(Records from a dataset)
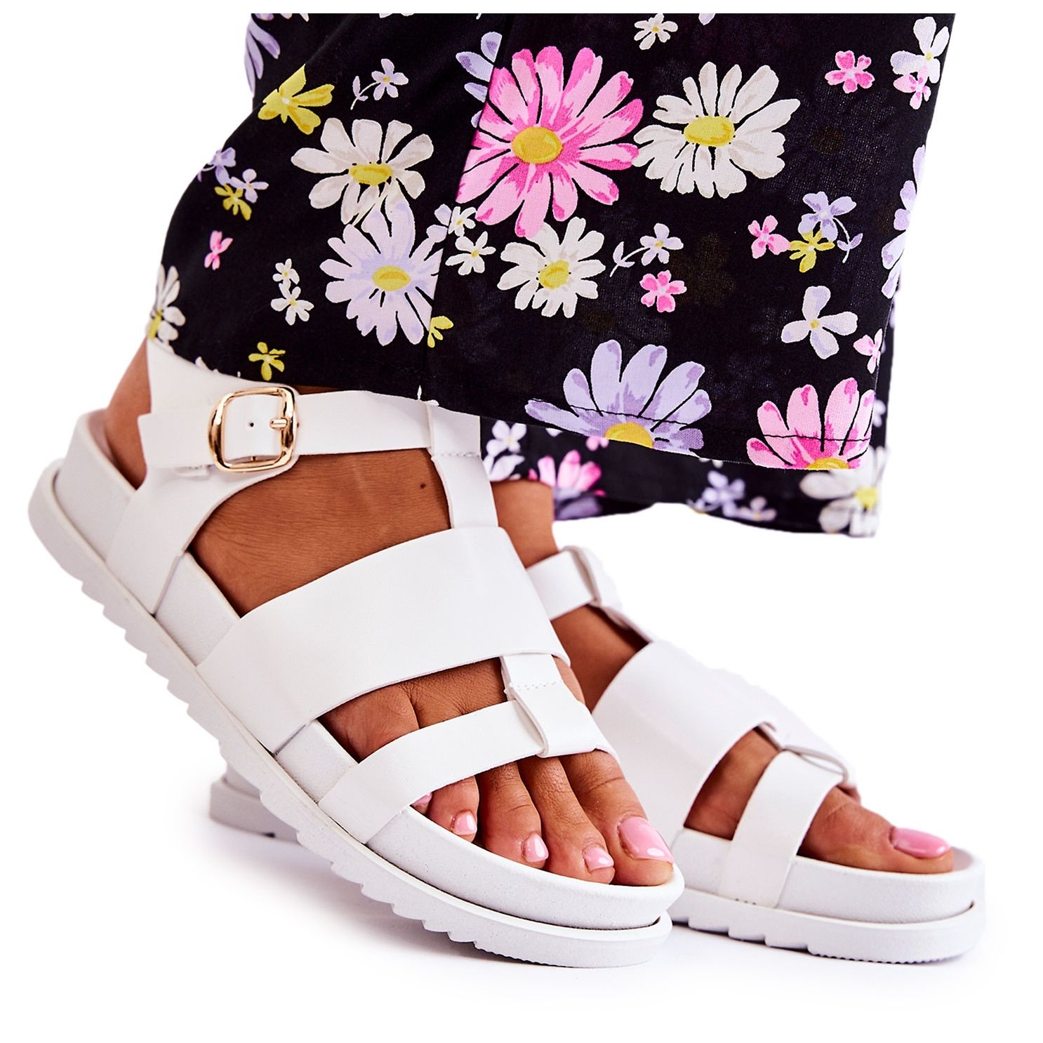 I sandali hanno una punta aperta e arrotondata e un tacco aperto, che sottolinea il loro design moderno. Il sottopiede in plastica morbida e profilata garantirà comfort anche durante una lunga giornata. Inoltre, l'altezza della piattaforma di 3,5 cm rende le scarpe non solo eleganti, ma anche stabili, permettendoti di muoverti liberamente ad ogni passo.
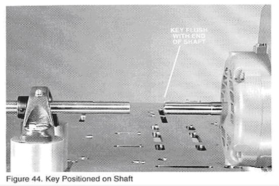 E. 將鍵放置在軸上的鍵槽內,其末端與電機軸的端部對齊,如圖44所示;
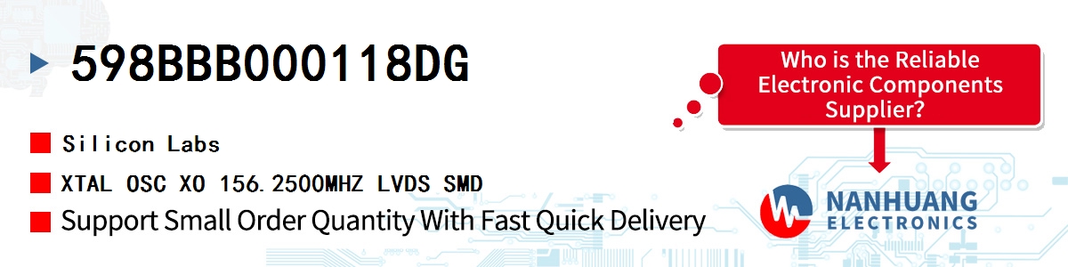 - 598BBB000118DG Silicon Labs, XTAL OSC XO 156.2500MHZ LVDS SMD, Crystals, Oscillators, Resonators~Oscillators
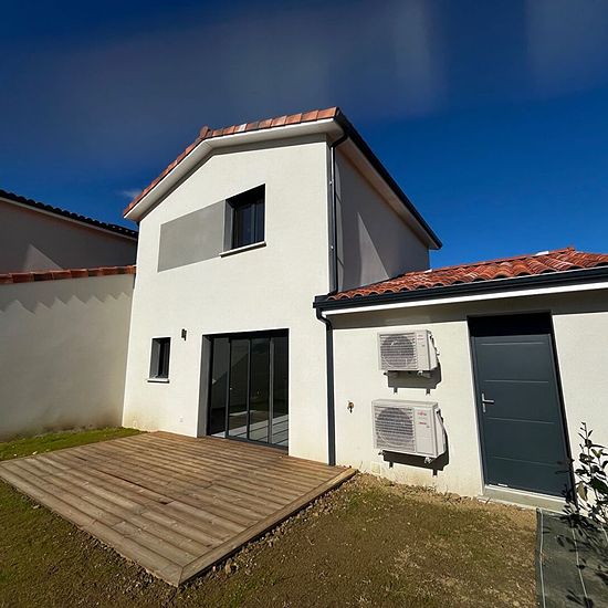 Dans un quartier résidentiel et neuf de Fronton, vous tomberez sous le charme de cette villa T4 neuve de 94.5 m². Elle se compose d'un séjour avec cuisine ouverte équipée et aménagée (plaque et hotte), une suite parentale au rez de chaussée avec se propre salle d'eau et wc séparé. A l'étage se trouve deux autre chambres, une salle d'eau avec douche et wc. La villa dispose d'un cellier et d'un garage. Il y a également un jardinet avec terrasse en bois. De très bonne prestations pour cette villa neuve : Climatisation réversible, panneau photov...
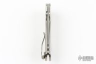 This Neutron Linerlock by Three Rivers features a stonewash finished blade with dual thumbstuds. The handle has milled titanium scales, titanium liner with a titanium tip up reversible clip. Nice detent, lockup and blade seating. Comes with original box and papers. Excellent condition.
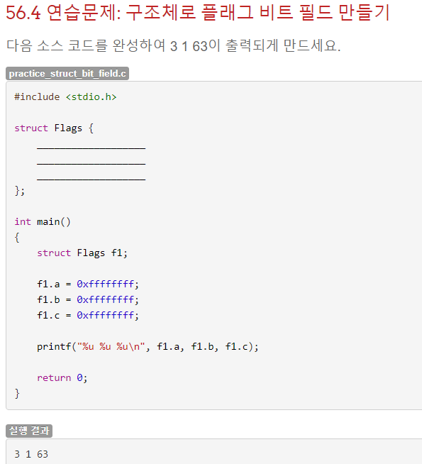 위에서 구조체를 선언한 것을 보면 unsigned int로 선언한 것을 볼 수 있는데, 이 unsigned int로 선언하면 비트 필드의 최대 크기가 이 unsigned int 자료형의 크기가 된다. 따라서 unsinged int보다 큰 값은 저장할 수 없다.
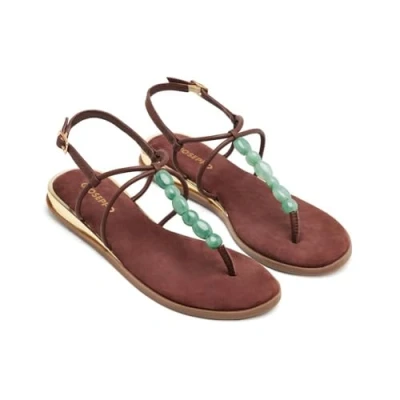 Flat Greek style leather sandals with stones embellishment and buckle closure Features leather insole
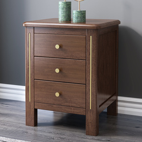 新中式实木床头柜现代胡桃木三斗柜储物柜简约卧室床边...
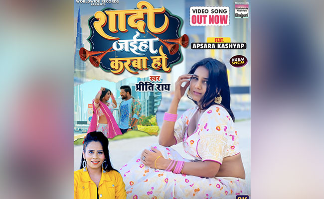 भोजपुरी फ़िल्म जगत की खूबसूरत अप्सरा यानी अप्सरा कश्यप का नया सांग यूट्यूब पर धूम मचा रहा है. इस सान्ग को प्रीति राय ने मदहोश कर देने वाली आवाज में गाया है जिसके बोल हैं 'शादी जईहा करबा हो'. ये सांग भी वर्ल्डवाइड रिकार्ड्स की दुबई सीरीज में से एक है जिसे आप कंपनी के ऑफिशियल यूट्यूब चैनल पर जाकर देख व सुना जा सकता है. सान्ग में अप्सरा के साथ कोरियोग्राफर एक्टर गोल्डी जायसवाल ने कमाल का परफॉर्म किया है.
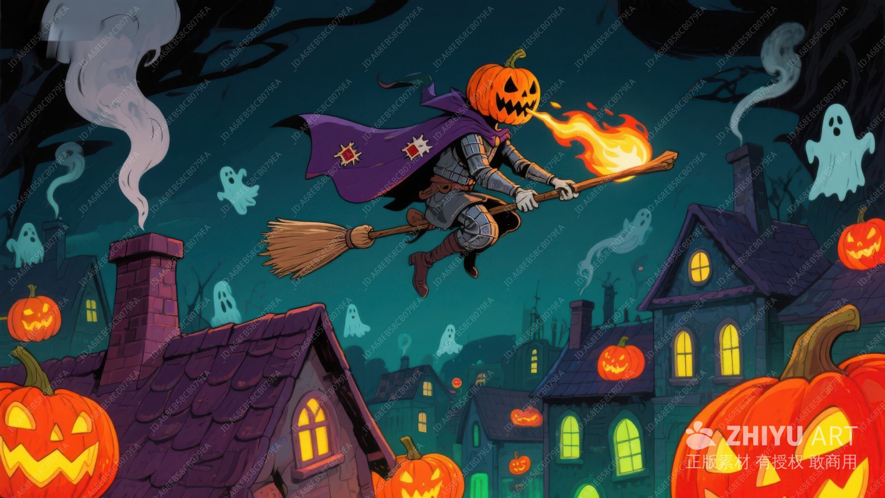 南瓜头巫师手持扫帚,夜空蝙蝠飞舞
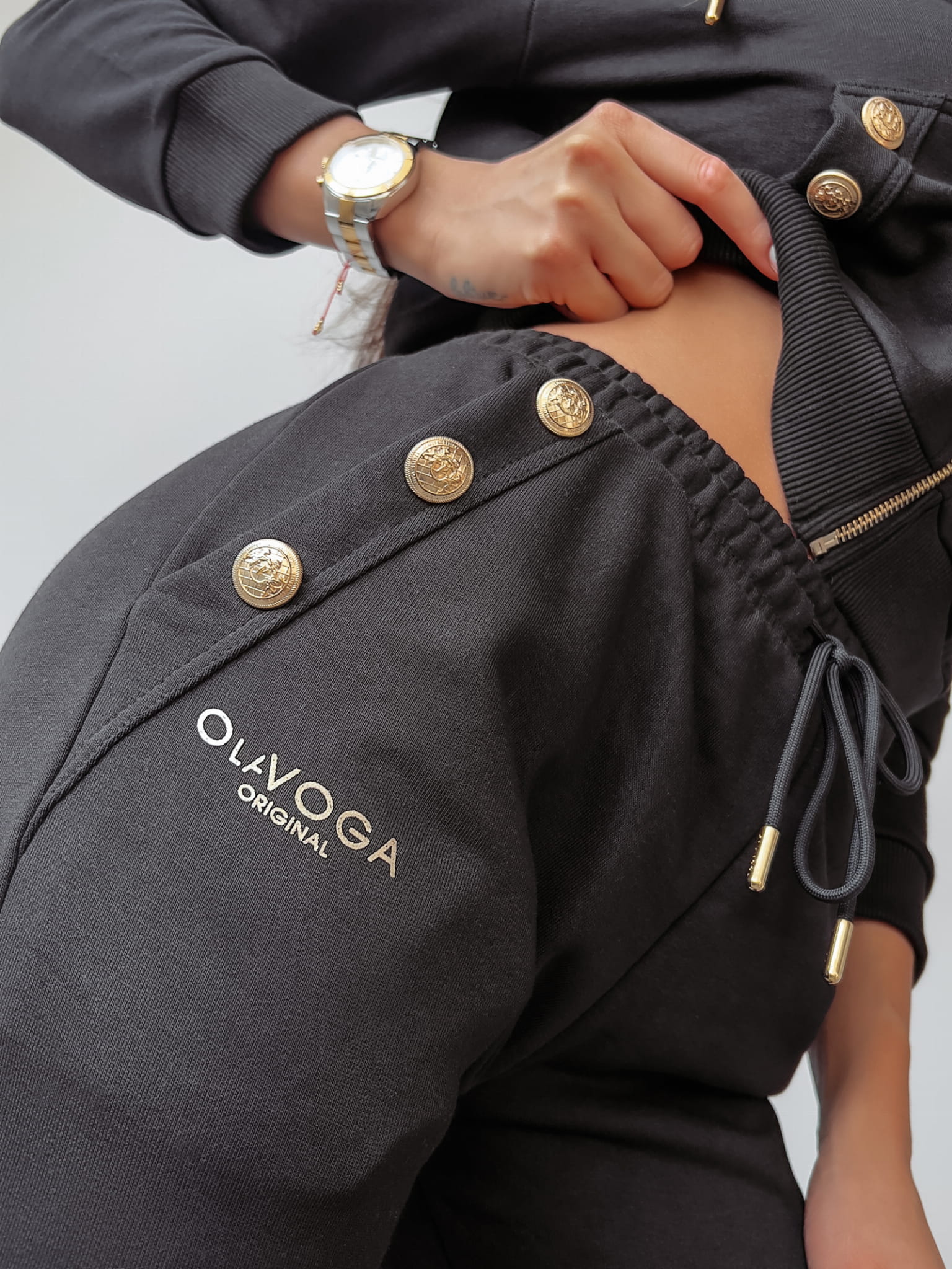 Sportowy komplet uszyty z wysokiej jakości dzianiny dresowej. Na brzegach posiada prążkowane ściągacze. Rozpinana bluza z kapturem. Na kieszeniach kompletu guziki. Na przodzie znajduje się minimalistyczne logo marki
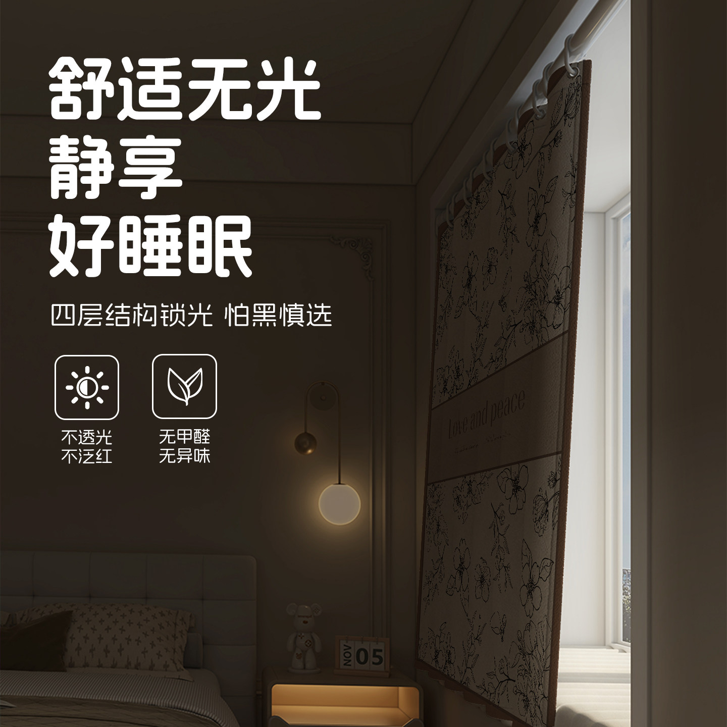小窗帘全遮光防晒隔热免打孔安装伸缩杆一整套卧室飘窗户简易美式
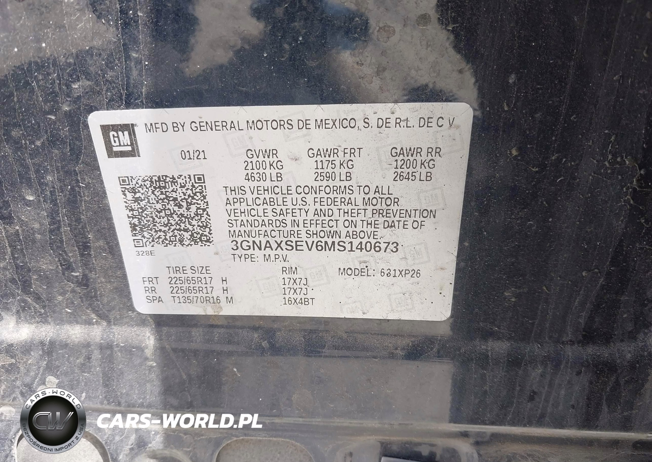 IAAI Nr: I-44754076 VIN: 3GNAXSEV6MS140673 Port: Elizabeth, NJ
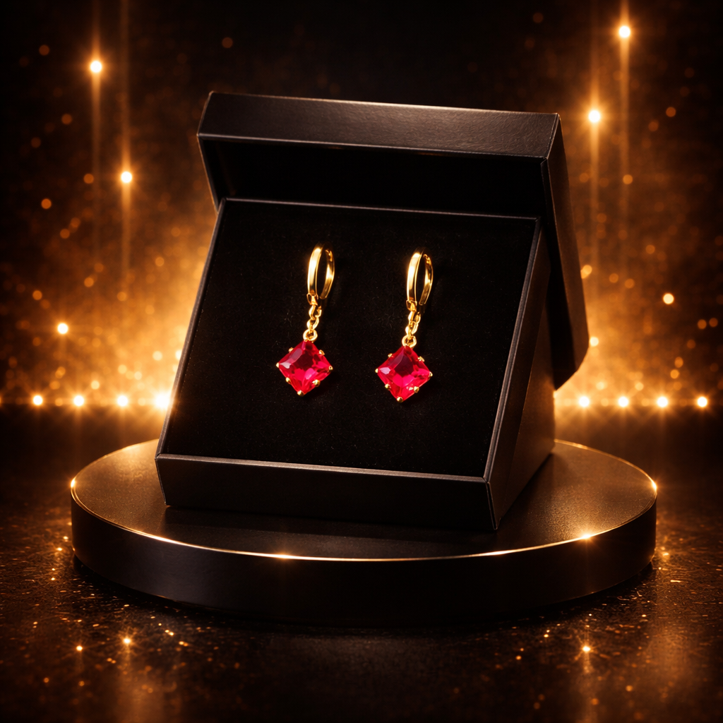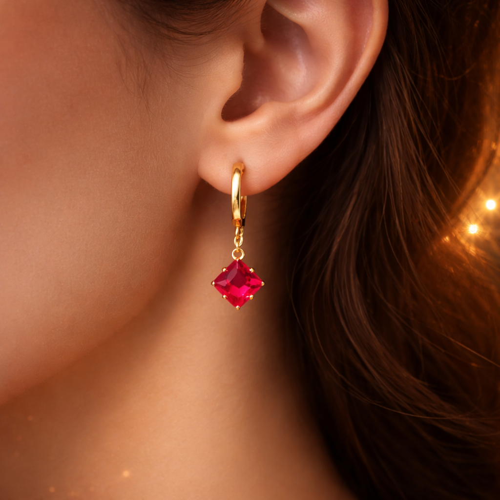 The Crimson Radiance Earrings feature vibrant red stones that bring bold elegance and glamour to your jewellery collection. Designed to make every outfit stand out.
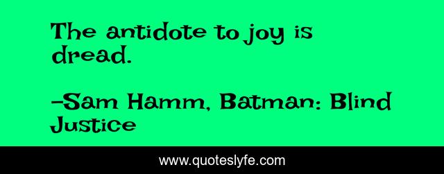 "Sam Hamm, Batman: Blind Justice Quotes." Quoteslyfe.com, 2025. Sun. 07 Dec. 2025. <https://www.quoteslyfe.com/quote/The-antidote-to-joy-is-dread-97401>.
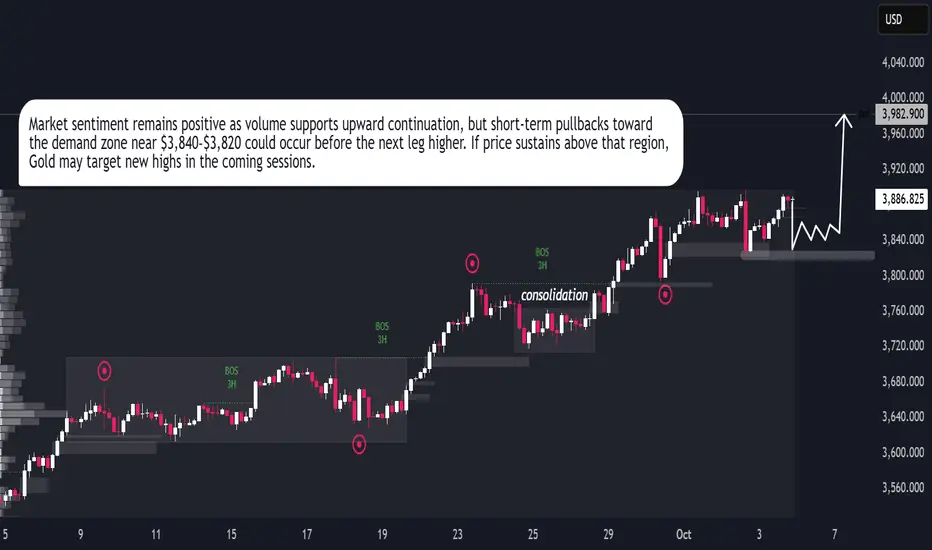 Gold remains in a strong bullish structure, showing consistent higher highs and steady momentum after each correction. The market has been consolidating above the $3,800 zone, where buyers continue to absorb liquidity and prevent deeper declines. This zone acts as a solid base for potential upward expansion. Current market behavior indicates controlled accumulation, suggesting that institutional buyers are maintaining dominance. If gold holds above $3,840–$3,820, the next bullish leg may target the $3,960–$4,000 region. A short-term retracement could occur, but overall momentum favors continuation. The price structure and volume behavior both support further upside, reflecting strong buyer control and stable sentiment in the market.
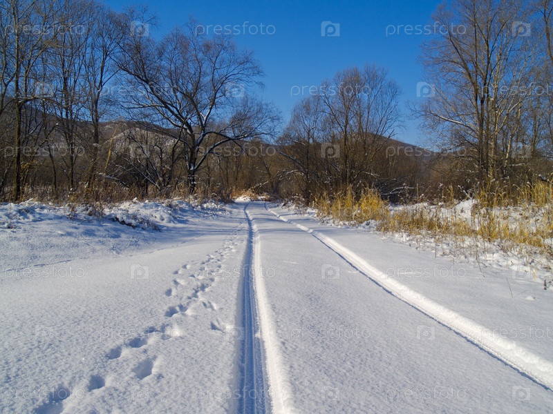 Автомобильный след на дороге зимой
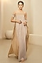Featuring a taupe off-shoulder maxi dress in cotton voile base with an attached rexine belt.
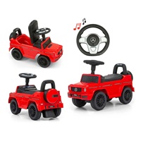 Detské odrážadlo MERCEDES G350d je vyrobené v licencii koncernu MERCEDES. Váš malý pretekár či pretekárka sa v ňom bude cítiť ako v naozajstnom džípe. Odrážadlo je vyrobené s dôrazom na každý detail a kvalitu použitých materiálov. Jeho vzhľad upúta pozornosť nielen každého dieťaťa, ale aj rodičov. Odrážadlo pomáha rozvíjať motorické schopnosti dieťaťa a Váš malý pretekár či pretekárka si s ním užije veľa zábavy a srandy. Autíčko má na trojramennom volante tlačidla vydávajúce rôzne melódie, zvuk motora alebo húkačku. Je určené ako pre najmenšie deti, ktoré už vedia sedieť, tak aj pre deti, ktoré sa už naučili chodiť. Odrážadlo má otočné predné kolesá a široké a komfortné sedadlo s úložným priestorom. Batérie nie sú súčasťou balenia (2x AA 1.5V).
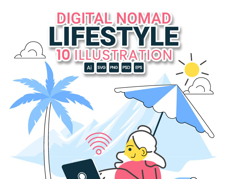 Digital Nomad Lifestyle Vector Illustration Featuring People Working Remotely While Traveling and Enjoying a Holiday in a Flat Style Background Suitable for Poster, Web Banner, Brochure, Landing Page and Others Background Template Features: – Fully editable vector files, easy to edit the object, color and background – Include 100% vector Ai, Eps 10, SVG –…
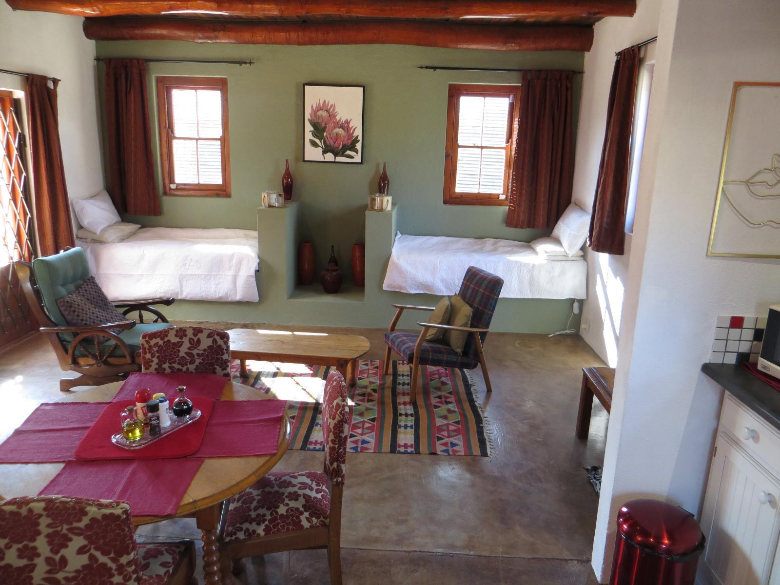 Whether you're travelling light or settling in for a longer stay, Mountain View Cottages offers two inviting options designed to suit your pace and style. Tucked in a quiet spot with a laid-back vibe, both units are self-catering and share a charming communal picnic table - the perfect place to sip your morning coffee or unwind after a day of exploring. Our Two Sleeper Room is a compact, comfortable space ideal for solo travellers or couples. It features two single beds in the lounge, a private shower, and a basic kitchenette equipped with a gas plate, fridge, utensils, cutlery, and crockery. You'll also enjoy complimentary Wi-Fi, tea and coffee-making facilities, and a braai for relaxed outdoor meals. Simple, convenient, and just what you need for a restful stop. The Four Sleeper Cottage offers a bit more room to stretch out, making it perfect for families or small groups. It sleeps up to four guests with a King-size bed in the bedroom and two single beds in the lounge area. The kitchen includes all the essentials, while the private outdoor braai area with seating invites lazy afternoons and long evenings under the stars. With Wi-Fi, a hot shower, and all the comforts of home, it’s an ideal retreat after a day on the road.
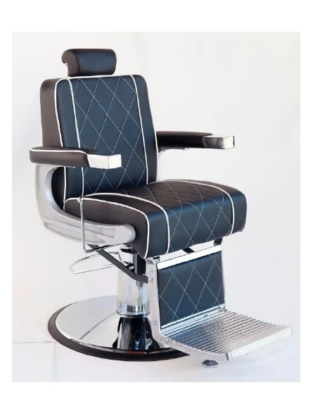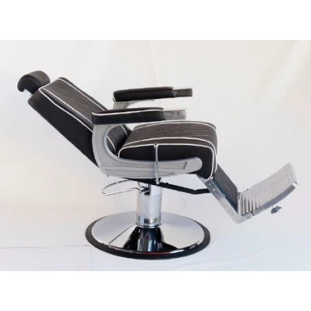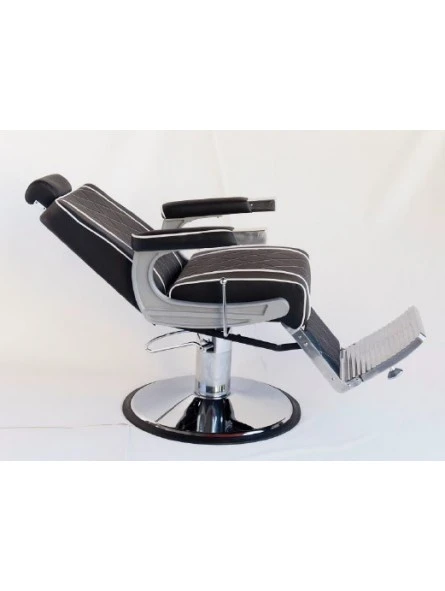 Sillón Barbero Negro. Sillón de barbero fabricado con materiales de alta calidad. Está dotado de una bomba hidráulica para regular la altura del asiento. Además el asiento es también reclinable y cuenta con un apoya cabezas y un reposapiés fijos. La espuma del respaldo y del asiento tiene un grosor ideal para asegurar que se adapte a cada cliente, haciéndolo sentir muy cómodo.

* **What you are asked to do**:
The lines to reproduce run from the one above containing "E. 將鍵放置在軸上的鍵槽內,其末端與電機軸的端部對齊,如圖44所示;" through the one containing "- 598BBB000118DG Silicon". Copy them exactly and leave out all pictures.

* **Your response**:
 E. 將鍵放置在軸上的鍵槽內,其末端與電機軸的端部對齊,如圖44所示;
 - 598BBB000118DG Silicon Labs, XTAL OSC XO 156.2500MHZ LVDS SMD, Crystals, Oscillators, Resonators~Oscillators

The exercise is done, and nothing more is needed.